Speaking in an interview with The Creative Independent, the outspoken artist also expressed regret at having allowed Apple Music to finance her ‘Drone Bomb Me’ video.

“Now we are being herded into all these shady situations. So, now, say the focus of your music is social justice—social justice becomes a big part of your ‘brand.’

“As soon as you have enough followers, the corporations come knocking to rent out your brand, which they then turn around and use as a pheromone to sell their products. You use that money to make a music video and pay your recording costs.

“But now your record has a logo for Nike or Apple on the back. Do we really want to front for these multinationals? It’s been such an insidious transfer of our agency.”

“Having diverted our income streams into their own pockets, they now siphon the “lucky” ones back a tiny lifeline of resources to keep us going. And by taking the bait, our credibility is conjoined with that corporation and their business practices.

“It’s exhausting.

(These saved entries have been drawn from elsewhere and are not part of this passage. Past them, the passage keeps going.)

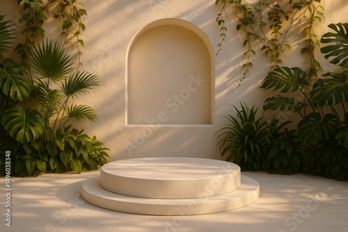 AI Generated image of Two tiered platform surrounded by lush green plants and a textured wall with an arched niche, bathed in soft, warm light creating a serene botanical scene
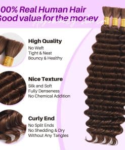 ¡Logra el look boho perfecto con este cabello trenzado humano! Ideal para trenzas boho, este cabello de onda profunda te brinda un aspecto rizado y desenfadado. Con un peso de 110g y una longitud de 18 pulgadas, este cabello de color Marrón Chocolate es perfecto para crear trenzas rizadas sin nudos de estilo bohemio oceánico. Cada paquete incluye 3 paquetes sin trama para una fácil aplicación. Eleva tu estilo con este cabello trenzado de calidad.
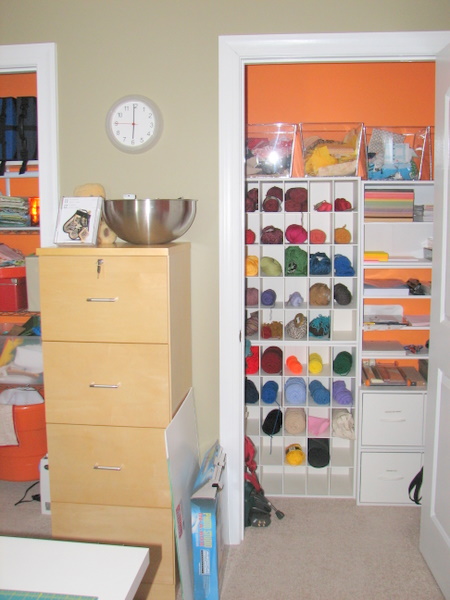 I have two closets in my studio, and the insides are painted orange, too. The rest of the room is that khaki color on the walls. The right closet is for yarn, fabric scraps, paper goods, and tools. The left closet is where I keep fat quarters, batting, solid fabrics, and binders. My camera is just about dead, so I didn’t get a decent photo of the left closet. That filing cabinet in the middle has patterns, articles, party notes, and resources from grad school and library life.

You see artists hailed as a new generation of independents, only to be enlisted to leverage product.”

ANOHNI’s recent Hopelessness is one of the year’s most politically-minded albums, covering topics such as surveillance and global warming. The video for her ‘Drone Bomb Me’ single, which featured Naomi Campbell, is a comment on the nature of warfare in the 21st century.

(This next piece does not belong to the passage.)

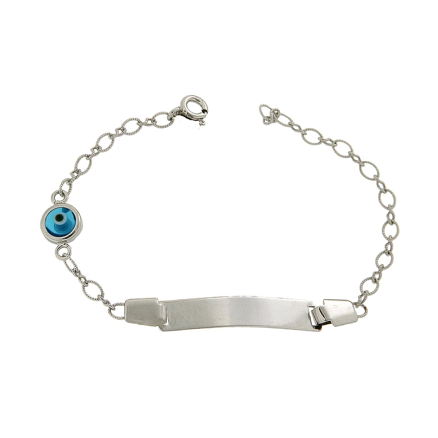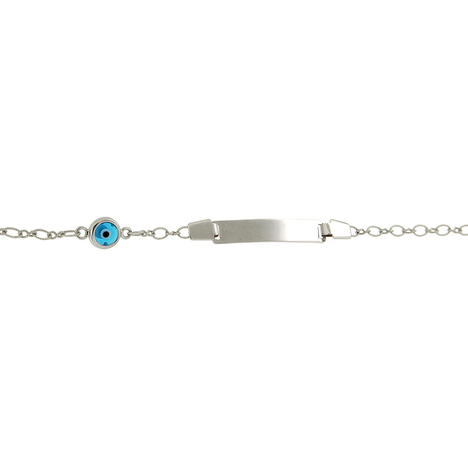 Iδιαίτερα εντυπωσιακό και minimal βραχιόλι ταυτότητα από λευκόχρυσο 14 καρατίων με αλυσίδα με κρίκους. Το κούμπωμα μπορεί να κουμπώσει σε όλους τους κρίκους και να προσαρμοστεί εύκολα ακόμη και σε λεπτό παιδικό καρπό. Η πλάκα της ταυτότητας είναι σκέτη και γυαλιστερή και επάνω στην αλυσίδα είναι ενσωματωμένο ένα σκέτο μάτι στρόγγυλο.

The video was financed by Apple in return for timed exclusivity to drive potential customers to its fledgling streaming service.

“I’m as guilty as the next person in having signed up for this,” she said. “The record companies can’t afford to advance the whole cost for making the record anymore, let alone pay for an ambitious video. So after a lot of hemming and hawing I agreed to work with Apple on the video. I wanted the video to have a wider reach, and only Apple could offer me the resources to do so.”

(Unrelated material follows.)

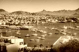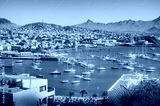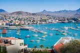Aerial view of vibrant and colorful day over Mindelo city, and its cove full of ships at docks, Sao Vicente island, Cape Verde

“No one got paid to do that video except the hairdresser,” she alleges. “The whole thing was done basically for free, just to make a product that we were then obliged to rent exclusively to Apple for a fraction of what they would had to have paid for it if they had framed it as an advertisement, which is of course what it was, though I didn’t want to admit it at the time.”

She also calls the company “the McDonald’s of consumer high tech whose wealth was largely pilfered from what was once a biodiverse music industry.”

“Everyone is trying to look on the bright side… vinyl sales went up 3% this year, or whatever. But we have been played, it’s just the truth. It’s manifest destiny. And consumers have been conveniently deceived in thinking that paying musicians for their recordings is a scam.”

ANOHNI isn’t the only artist to have been critical of Apple Music in recent months. In July, Bon Iver called it “a horrid platform,” saying: “They let the commercialization of Apple Music get in the way of making a product easy, simple, and beautiful to use.”

Despite criticism from some artists, many more have used the platform to release content exclusively or ahead of other services. Frank Ocean and Chance The Rapper have both used Apple Music to release albums ahead of other platforms.